That changed.  As the months passed, it became clear that she was very dependent on my hair.  She needed to hold onto some to go to sleep, or while nursing.  She was strong, and I got tired of having my hair pulled all the time.  I knew nothing of sensory processing disorder at the time.  All I knew is that she had a thing for my hair, and I didn’t like it.  I’d put my hair up in a pony tail to keep out of her way, but then she started moving on to other people.

Any woman with long hair was her target.  Time after time I’d pull my toddler off unsuspecting strangers, hoping that one day her sense of boundaries would kick in.  As she got bigger, other kids became her preferred victim of choice, as she could tower over them and touch their hair easily.  Of course, if they tried the same, she would hate it.  Only she was allowed to do the touching.  I didn’t think that was particularly unusual at the time, but I tried to intervene, and give her dolls with hair to pull and twirl.

Finally her own hair started to grow in.  Just before she turned two, she finally had enough of her own hair to play with, and she would stretch the same piece out, and smooth it over with her other fingers in a bid to get to sleep.  She touched my own hair much less often, and began to leave her friends alone too.  Occasionally she would meet a stranger with long or interesting hair, and her old compulsion to touch it returned.  Once she had done so, she was sated, but she needed to get her fix first.
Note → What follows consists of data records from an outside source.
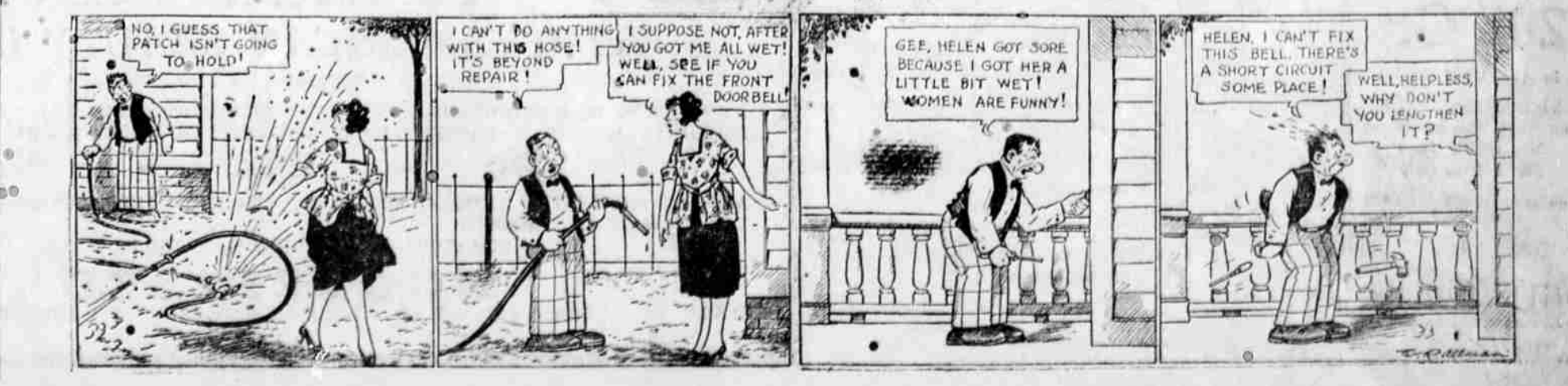
IT'S SO SIMPLE TO HELEN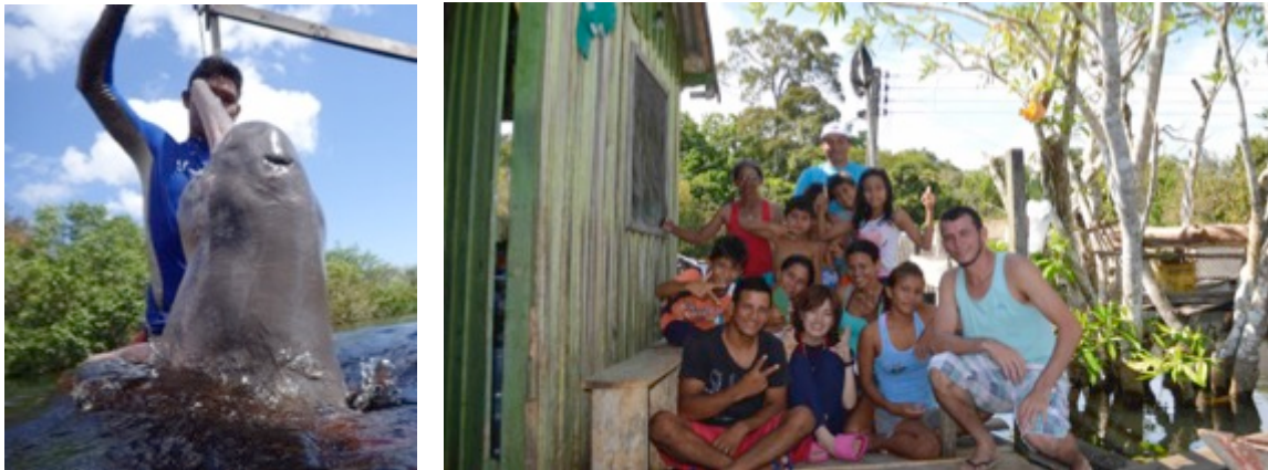
Ecotourism activity with amazon river dolphins / Group photo with my host family in Mamiraua reserve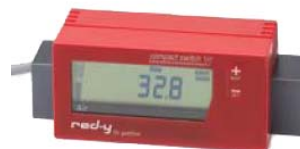
SMART METER & PC

The free 'get red-y' software runs on any PC with a Windows operating system.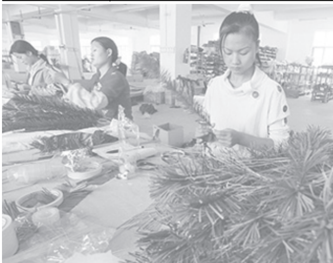
Factory employees assemble artificial Christmas trees and Christmas novelties in Shenzhen recently.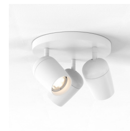
CODE: 1478013 FINISH: MATT WHITE

To maintain this product to its best condition, please view our care and cleaning guide on the support section of the astro website.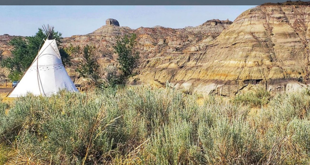
Montana State Parks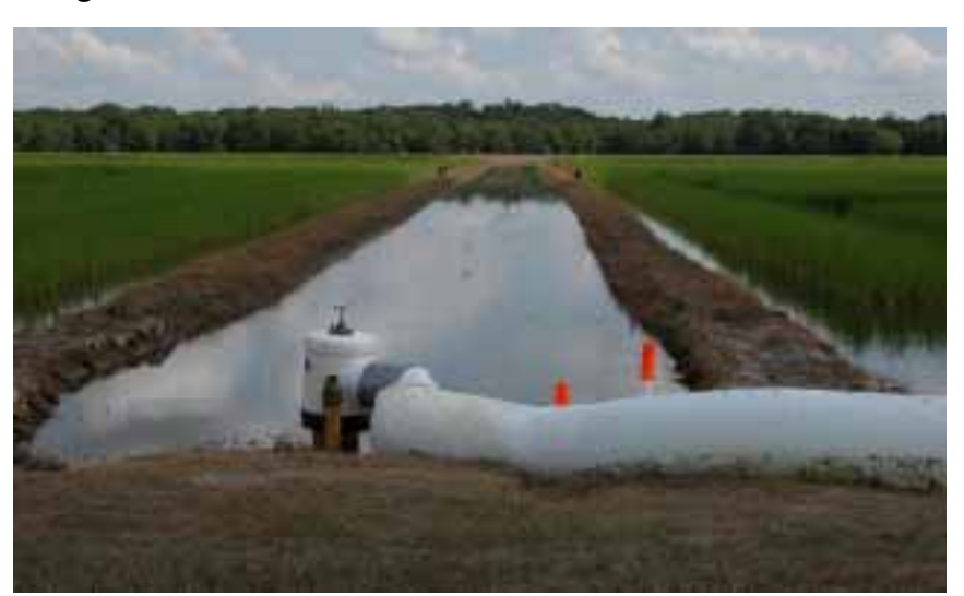
The poly pipe pictured above is often used for multiple inlet irrigation, which can conserve water and increase productivity.

Lateral Improvement. Lateral improvement involves the control of vegetation inside the lateral and on the lateral banks, and installation of underground pipe in place of lateral ditches. Vegetation control along the lateral ditches and on the surface of the water reduces water use that is normally lost through plant transpiration. In the course of a season, a heavy growth of weeds along a lateral will transpire as much as 40 inches of water. In extreme cases, where fast growing invasive plant species such as the Chinese tallow become established along the canals or laterals, a single tree can use as much as 500 gallons of water per day (LNVA, personal communication). Aquatic weeds that grow on the water surface not only account for a ma-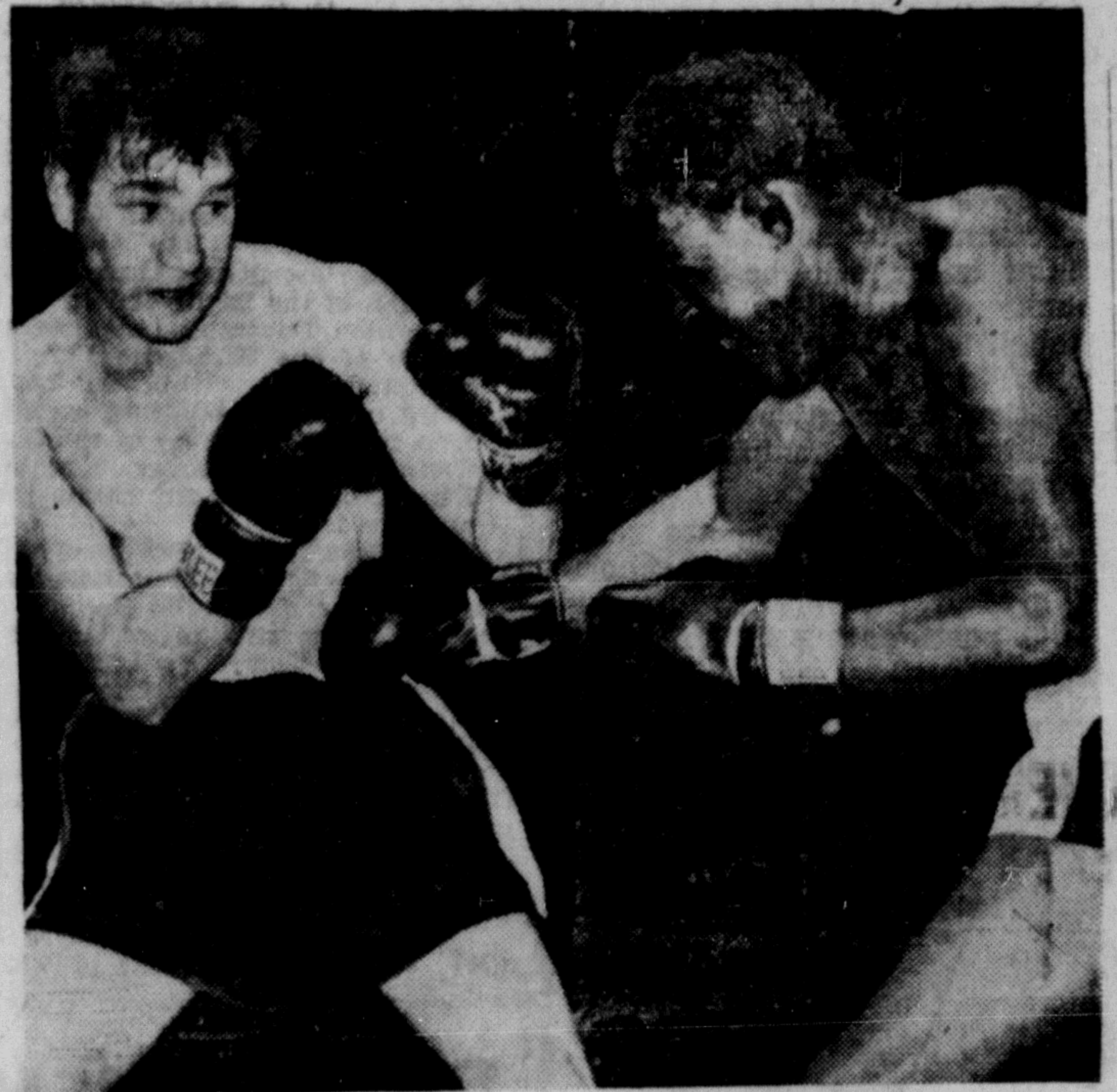
THIS WAS ONE TIME WHEN GAVILAN CONNECTED! — Cuban welterweight Kid Gavilan (right) is shown landing a powerful right to the midsection of New York's Billy Graham, distorting Graham's skin, during 10-round non-title bout at Madison Square Garden in New York city. Graham, who won the decision of the judges, is considered a likely prospect for a title bout with welterweight champ Ray Robinson.

After we moved and her hair continued to grow in, she developed a habit of twirling a section around her fingers.  She continues to do that to this day, and when she is particularly overwhelmed, she moves back to my hair, the original source of comfort.

Cubby has developed a similar habit.  Mercifully he never had the same interest in touching other people’s hair, but he adores mine, Daddy’s works in a pinch too.  His sister will occasionally let him play with hers, but she has to be in the right mood for that.  Several times a day his hands wind up around my tresses, and his tiny nails scratch my scalp.  I feel like an ape being groomed.  Just like Pudding, his hair has taken a long time to grow in.  Only now does he have enough hair to be content to play with to go to sleep, though he still prefers mine.  I’ve tried to cut his hair so he still has enough left to pull.  Admittedly, it looks a little strange.

This hair-pulling or twirling is one example of a “stim”, or self-stimulatory behaviour.  Hair-twirling is a very common habit, especially for young girls, but like hand-flapping, humming, running around in circles, or bouncing up and down, its purpose is to provide appropriate sensory input to calm and regulate, and ultimately cope in a disordered world.  One of Pudding’s therapists mentioned to me that she didn’t like Pudding’s hair stim, to which I responded that she didn’t have to.  She has the ability to twirl her hair and do other things at the same time, so I see no reason to stop her at this point.  This particular stim is about as typical as Pudding can be.  Removing it would likely cause a replacement stim to begin that might be much more socially unacceptable, and potentially harmful.  Instead I advised the therapist to instead reward the use of two hands for an activity if necessary.

I can think of no better way to encourage her to pull out her hair until the point of baldness, than to make her stop touching it.  Though well-intentioned, preventing a stim can be harmful.  My girl needs all the coping methods she can find, and a replacement may be  more stigmatizing, or even harmful.  Hair twirling we can live with, though I may need to order a wig just in case she ever wants to move on to other people again.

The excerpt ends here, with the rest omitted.